## Requirement:
An exact copy of the lines from the top of the data through the line with "Logo of the Licentiate Society of Hong Kong" is what you should give, with no pictures in it.

Stored items from a collection
*** Block opens ***

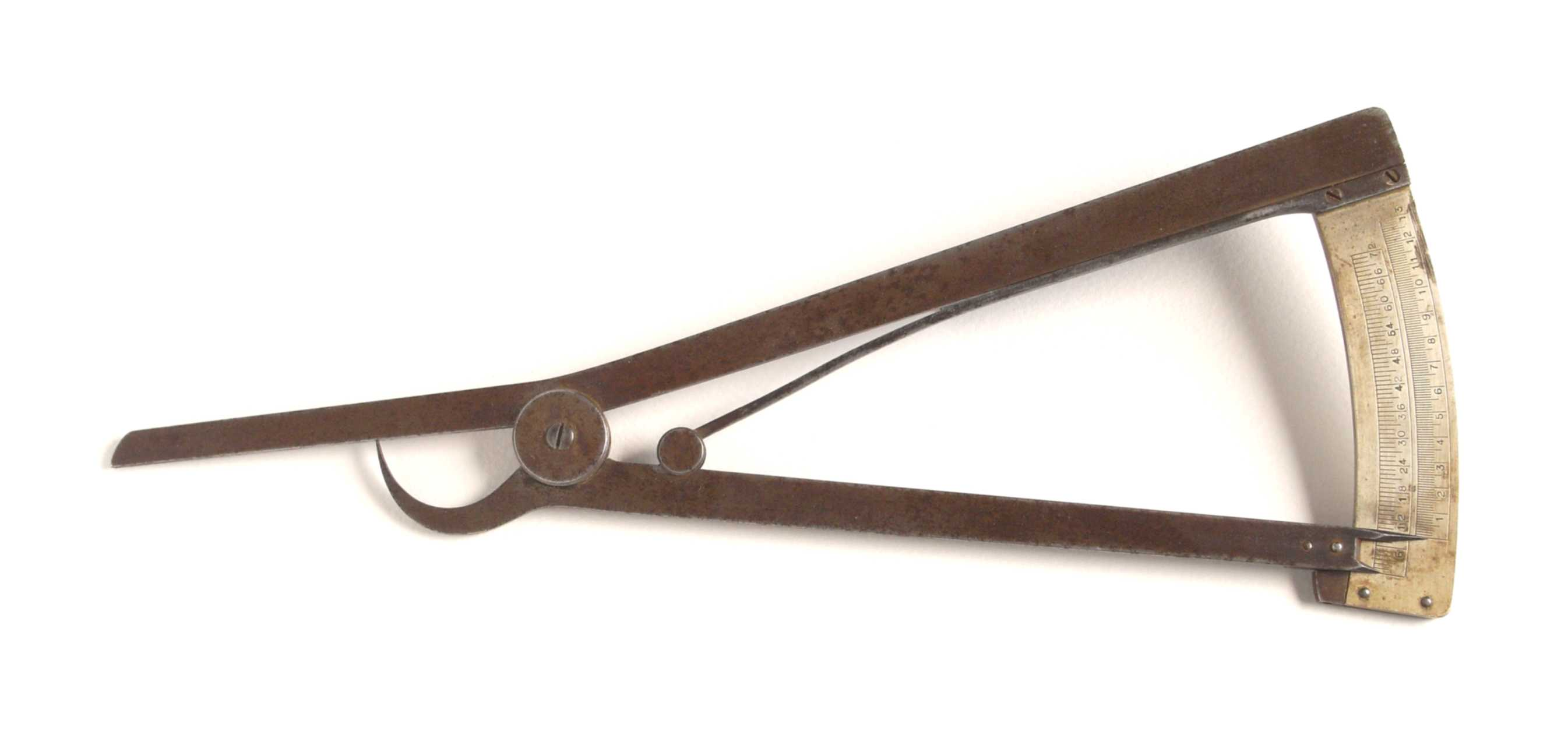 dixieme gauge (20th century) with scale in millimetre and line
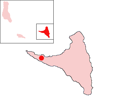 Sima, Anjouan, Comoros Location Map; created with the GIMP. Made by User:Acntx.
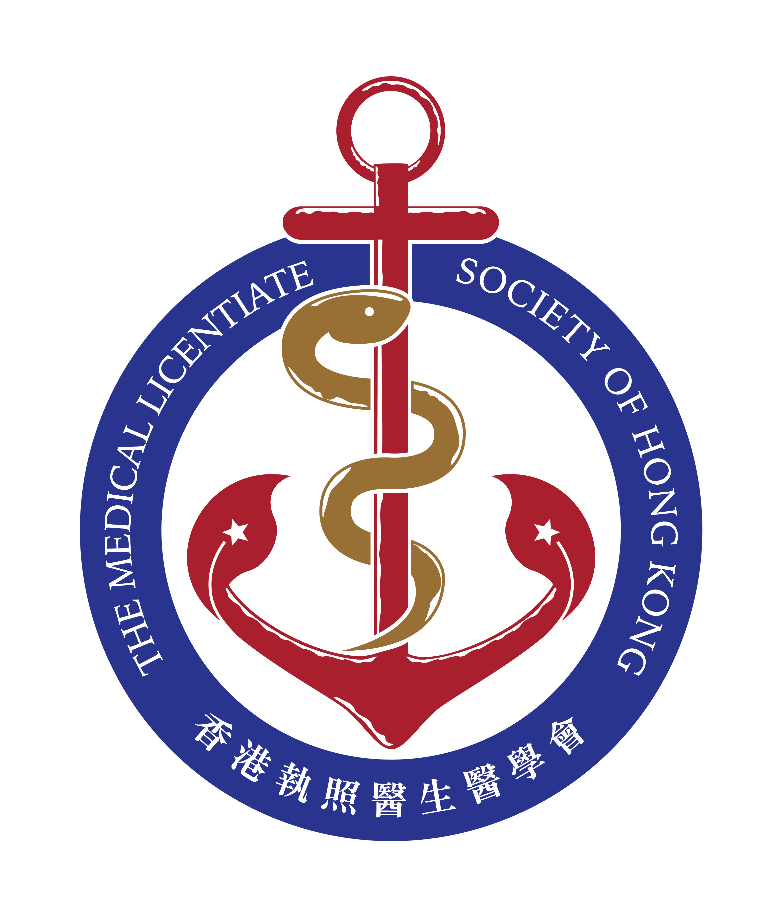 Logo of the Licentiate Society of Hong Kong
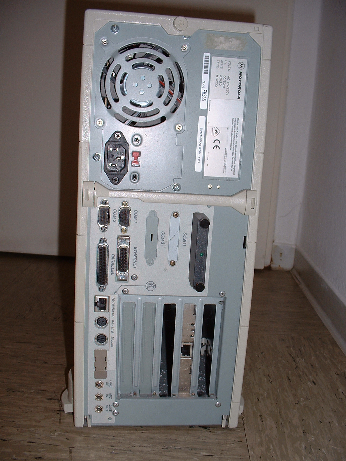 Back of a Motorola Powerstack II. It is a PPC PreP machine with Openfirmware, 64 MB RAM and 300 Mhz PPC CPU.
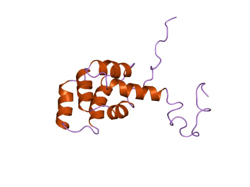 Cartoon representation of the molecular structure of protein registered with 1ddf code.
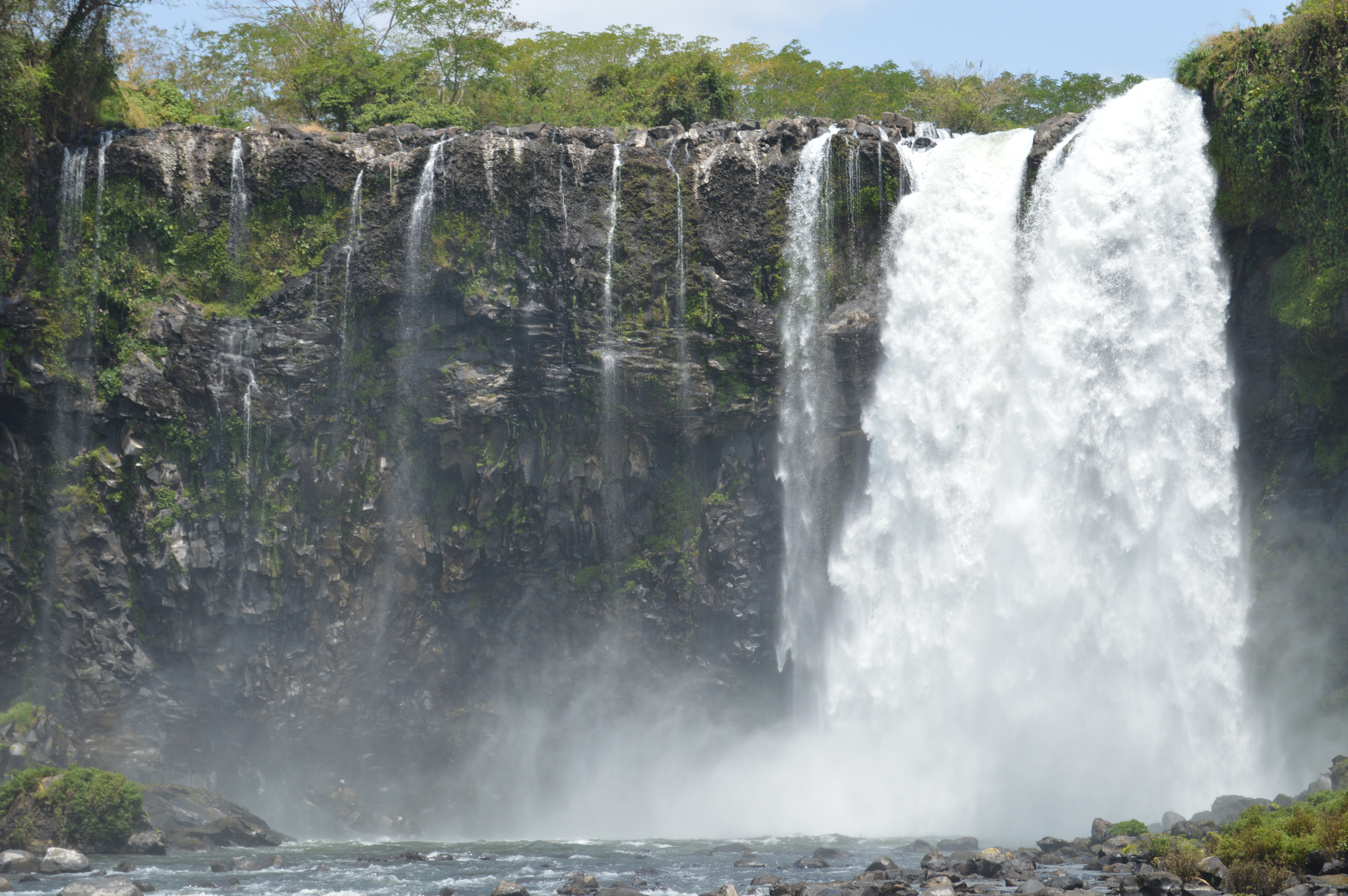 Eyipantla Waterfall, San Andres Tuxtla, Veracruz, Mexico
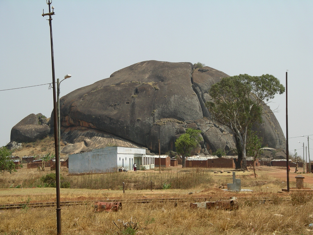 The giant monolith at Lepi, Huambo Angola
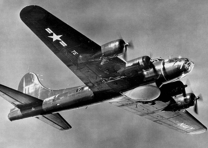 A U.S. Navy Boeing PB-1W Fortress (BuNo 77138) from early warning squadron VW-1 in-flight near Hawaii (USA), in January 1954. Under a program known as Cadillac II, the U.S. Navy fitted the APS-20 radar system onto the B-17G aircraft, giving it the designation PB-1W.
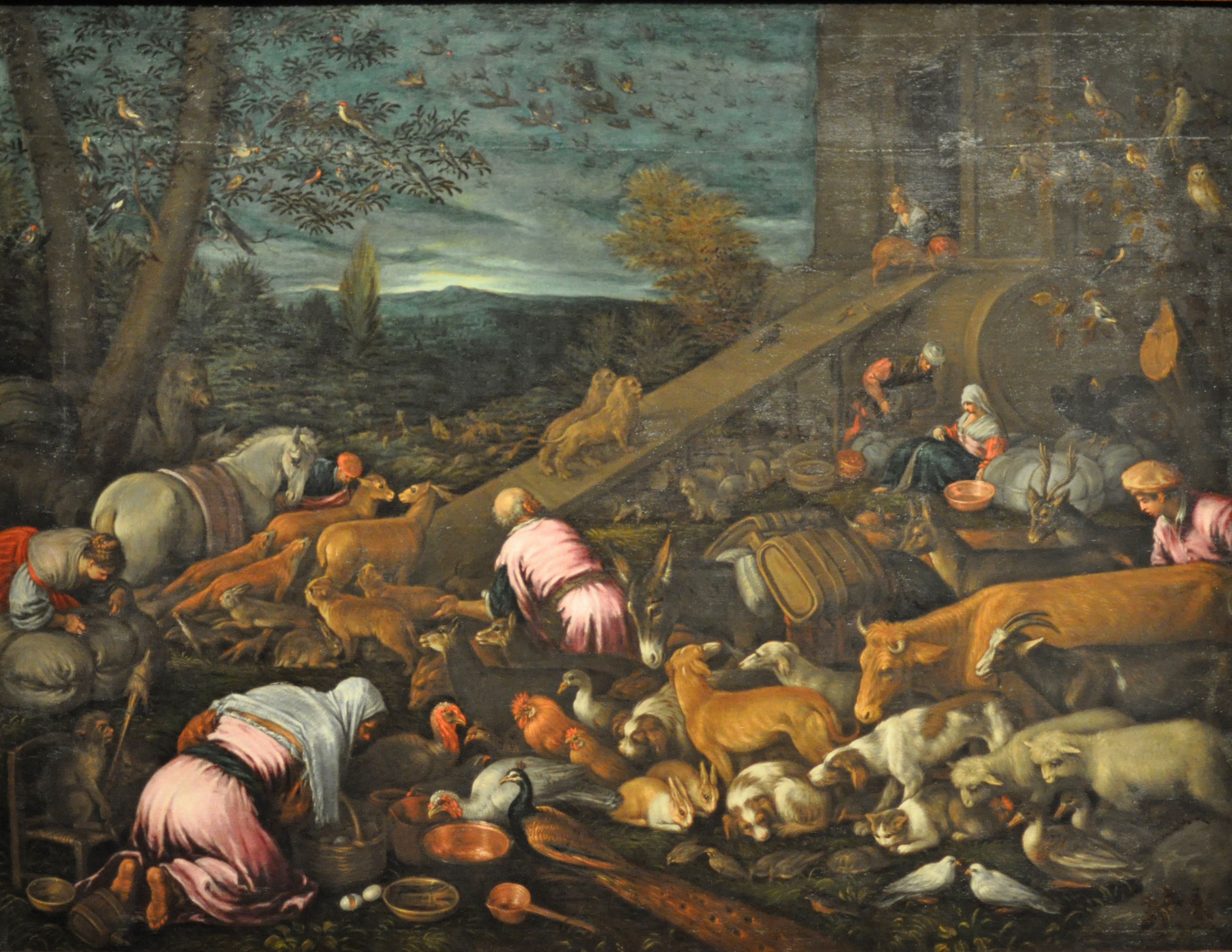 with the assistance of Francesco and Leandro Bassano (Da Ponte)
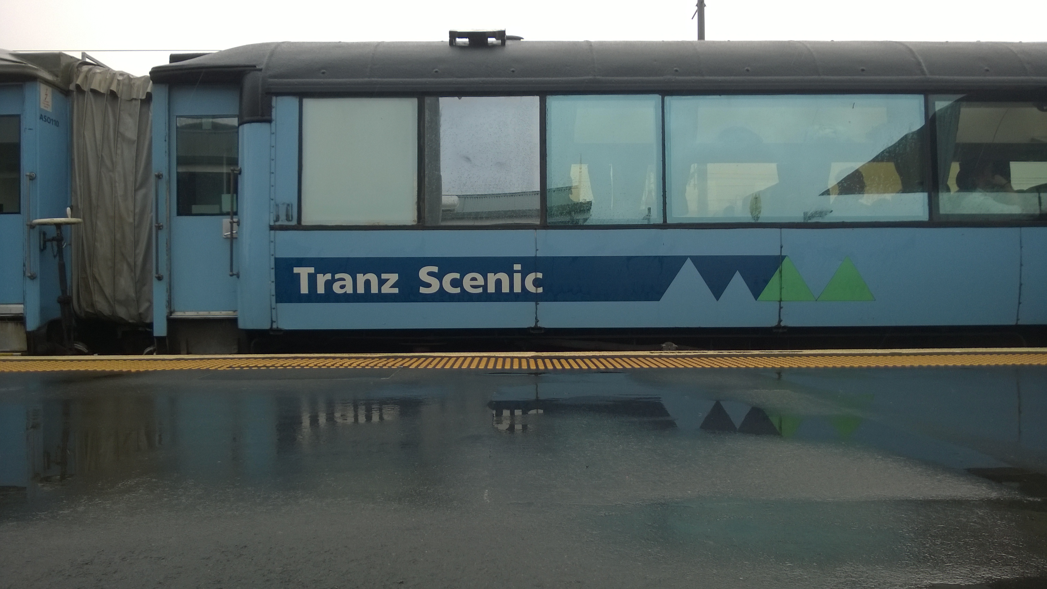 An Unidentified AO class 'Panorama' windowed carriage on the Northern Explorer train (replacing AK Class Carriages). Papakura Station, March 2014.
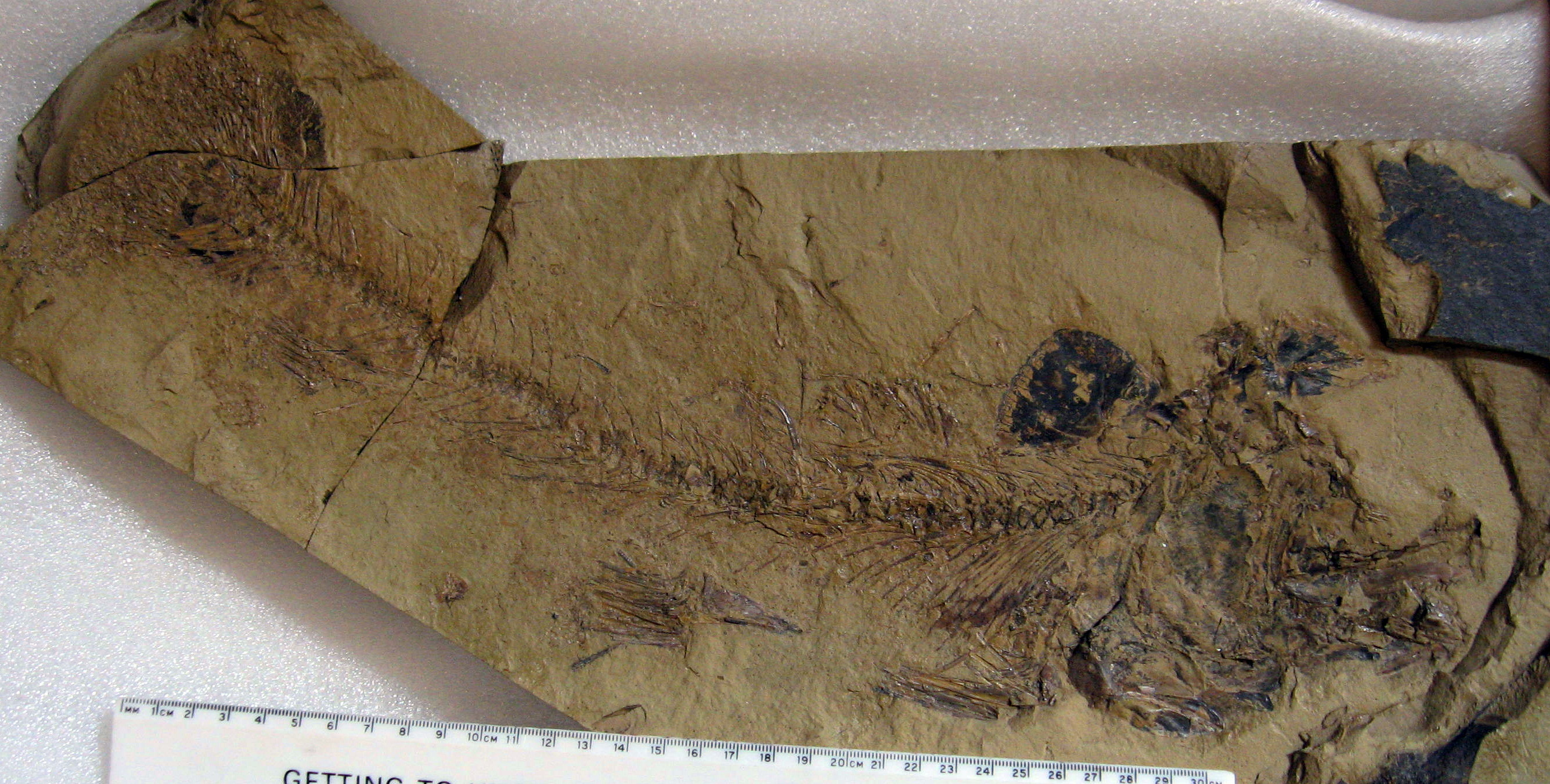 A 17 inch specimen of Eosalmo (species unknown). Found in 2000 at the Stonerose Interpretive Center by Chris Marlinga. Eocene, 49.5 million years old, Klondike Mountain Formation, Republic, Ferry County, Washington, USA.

*** Block closes ***

## Exercise output:
 dixieme gauge (20th century) with scale in millimetre and line
 Sima, Anjouan, Comoros Location Map; created with the GIMP. Made by User:Acntx.
 Logo of the Licentiate Society of Hong Kong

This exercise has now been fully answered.